Molecular Regulation of Thermal Conductivity and Dielectric Properties of Boron Nitride–Alumina Complex-Filled Epoxy Resin Composites

Abstract

The development of energy vehicle drive motors toward high specific power and high voltage has put forward greater demands on the electrical and thermal properties of insulating materials. Epoxy resin (EP), as a potting material, can enhance insulation properties and improve the heat dissipation ability of the winding. However, the thermal conductivity (TC) of traditional EP is less than 0.2 W/(m·K), which cannot meet the needs of potting insulating materials. In this paper, EP composites are developed through filling modification and molecular regulation by filling high TC inorganic fillers (h-BN and Al₂O₃) and blending with the insulating dielectric PAA. The effects of different contents of h-BN, Al₂O₃, and PAA on the thermal, electrical, and mechanical properties of EP composites are systematically investigated.

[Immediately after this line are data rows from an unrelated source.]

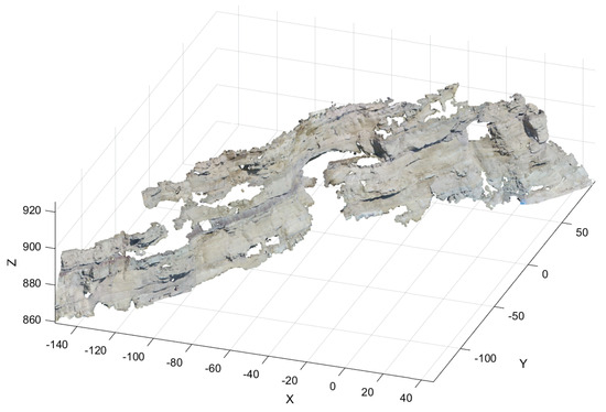 Rock outcrops are large-scale research objects in petrophysics. A mechanical LiDAR camera was used to collect an enormous amount of point cloud data on a rock outcrop [40]. In the compressive sensing field, the DWT based on the Haar wavelet and OMP algorithm is suitable for compression and recovery of mechanical LiDAR signals [10]. In this section, we employ the obtained rock outcrop point cloud data to verify the validation of our proposed method. Figure 24 shows the outcrop point cloud data, while Figure 25 shows the shape of each dimensional signal.
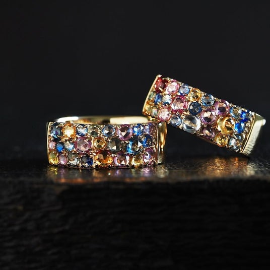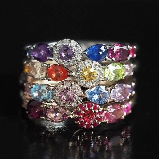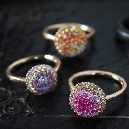 オレンジ、イエロー、ピンク、ブルーと彩り豊かな大粒のカラーストーンを、ダイヤモンドをあしらった繊細なアームに爪留めしました。1点ごとに表情が異なり、指先に確かな存在感を添えてくれます。
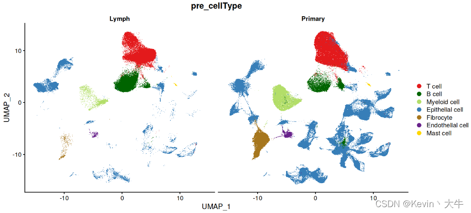 展示不同组织细胞类型的UMAP图,可以发现两个组织之间的细胞浸润是存在差异的,于是我们针对这个现象进行统计分析

The results show that when 4 wt % PAA is added to 30 wt % h-BN–50 wt % Al₂O₃/EP composites, the TC is 1.881 W/(m·K), which is 10.69 times greater than that of pure EP (0.176 W/(m·K)), the breakdown field strength is 196.4 kV/mm, the volume resistivity is 3.57E16 Ω·m, the tensile strength is 25.4 MPa, and the elongation at break is 1.65%, possessing excellent comprehensive properties. This paper provides a reliable preparation program for EP potting compounds with high TC and dielectric properties for drive motors.